# 54" X 32" shower base?



## The Dane (Feb 19, 2015)

So I have been looking for a 54" X 32" shower base but all my supply houses can come up with is a 54" X 34" base. None of my normal brands kohler, Sterling, salo or mustee have one. I see them online but I don't know the brands and am thinking it is low quality for mobile homes. Does anyone know of a good brand that has a base like that and for a fair price?

Sent from my R1 HD using Tapatalk


----------



## OpenSights (Mar 23, 2015)

Manufactured home! Don’t walk, RUN! I have a great aunt in law who has no money and a tub base only is $750 at a mobile home place in town. 

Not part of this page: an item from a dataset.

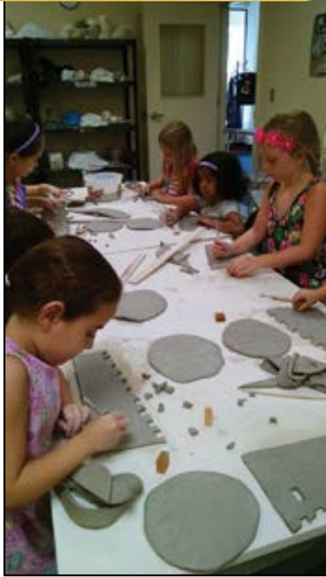
Summer Clay Class at Art Unleashed.

Run as fast and far as you can! I’ve replaced them with a Master... not fun!


----------



## The Dane (Feb 19, 2015)

OpenSights said:


> Manufactured home! Don’t walk, RUN! I have a great aunt in law who has no money and a tub base only is $750 at a mobile home place in town.
> 
> Run as fast and far as you can! I’ve replaced them with a Master... not fun!


No this is not a manufactured home. It's for my mother in law in a normal house. It's just a small bathroom that used to have a 54" cast iron tub. We are remodeling the bathroom for her and since it's a small room I would like to make the new shower as big as it can and not build the wall out 6" to fit a 48" base. It just seems to me that 54" is more of a standard in manufactured homes and therefore hard to find a good one. Trust me I would run from a mobile home if I could but I'm not yet the boss. Just yesterday I went to one to auger a toilet and ended up pulling it and fishing out the clog from the bottom side and wow the lady had flushed 2 chicken breast that had gone rotten. 

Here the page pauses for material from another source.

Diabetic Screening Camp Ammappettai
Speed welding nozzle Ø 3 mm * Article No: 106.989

Sent from my R1 HD using Tapatalk


----------



## chonkie (Jul 31, 2014)

I've installed one of these not too long ago in a remod. It was the same quality as any other fiberglass unit I've installed. Just put in a mortar or sandmix concrete bed and it will be solid as a rock.

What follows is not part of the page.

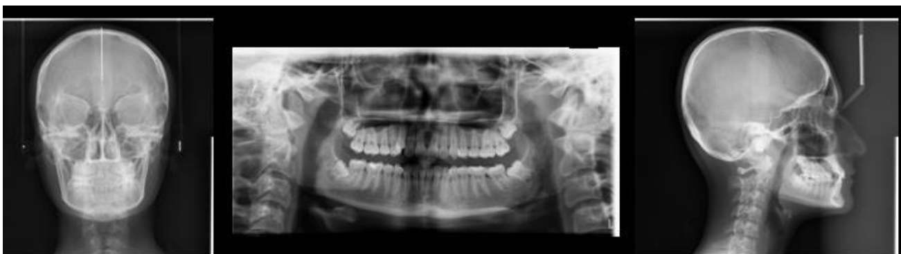
Figure 2. Pre-treatment X-rays of the patient

https://www.homedepot.com/p/Swan-Ve...Shower-Floor-in-White-FF03454MD-010/202508719

Oops, just realized you were looking for 32, not 34. They probably have one in that size too.


----------



## OpenSights (Mar 23, 2015)

Might just have to get your tile guy in there. Last summer I had a rental that had a mustee shower in a basement bathroom and there was about 18” of wasted space. LL wanted me to open it up so he could charge more rent. Went to all 4 supply houses around town, I did find one option, can’t remember for sure but I think it was a kohler. Would have taken over a month to have it shipped and cost over $1k. Gave him that option and the quote from my tile guy and the tile guy was cheaper.


----------



## The Dane (Feb 19, 2015)

OpenSights said:


> Might just have to get your tile guy in there. Last summer I had a rental that had a mustee shower in a basement bathroom and there was about 18” of wasted space. LL wanted me to open it up so he could charge more rent. Went to all 4 supply houses around town, I did find one option, can’t remember for sure but I think it was a kohler. Would have taken over a month to have it shipped and cost over $1k. Gave him that option and the quote from my tile guy and the tile guy was cheaper.


I know but we are not a fan of tiles on the shower floor. I think I have found one we can use. It's a Dreamline and has kind of a diamond pattern texture on the floor for non slip surface but I think it's ok. It's better than the mustee pattern on the base.

Sent from my R1 HD using Tapatalk


----------



## smoldrn (Oct 4, 2010)

I've sent customers to the local cultured marble company around here for odd ball sizes. The come out & measure, then pour a base to fit.


----------



## The Dane (Feb 19, 2015)

smoldrn said:


> I've sent customers to the local cultured marble company around here for odd ball sizes. The come out & measure, then pour a base to fit.


That would be an idea, but my mother in law does not want to spend that kind of money on it.

Sent from my R1 HD using Tapatalk


----------



## Fatpat (Nov 1, 2015)

I installed one of these tile redi pans for my sister last month, it worked well and was painless 

http://www.tileredi.com/?gclid=Cj0K...veDc053Paeh2oIT5xLwlwggBMCBMafR0aAv3IEALw_wcB


----------



## The Dane (Feb 19, 2015)

Fatpat said:


> I installed one of these tile redi pans for my sister last month, it worked well and was painless
> 
> http://www.tileredi.com/?gclid=Cj0K...veDc053Paeh2oIT5xLwlwggBMCBMafR0aAv3IEALw_wcB


It looks fine but I was looking for acrylic or fiberglass.

Sent from my R1 HD using Tapatalk


----------



## flyy (Dec 31, 2013)

I've come across the same situation a few times for those awkward sizes as well. Maax sells a 48x32 shower pan and I usually suggest that they get the tillers to install a seat for the remainder of the length. the older clients loved it.


----------



## GAN (Jul 10, 2012)

Check with a local cultured marble shop. Often they can pour one with the dimensions you need.


----------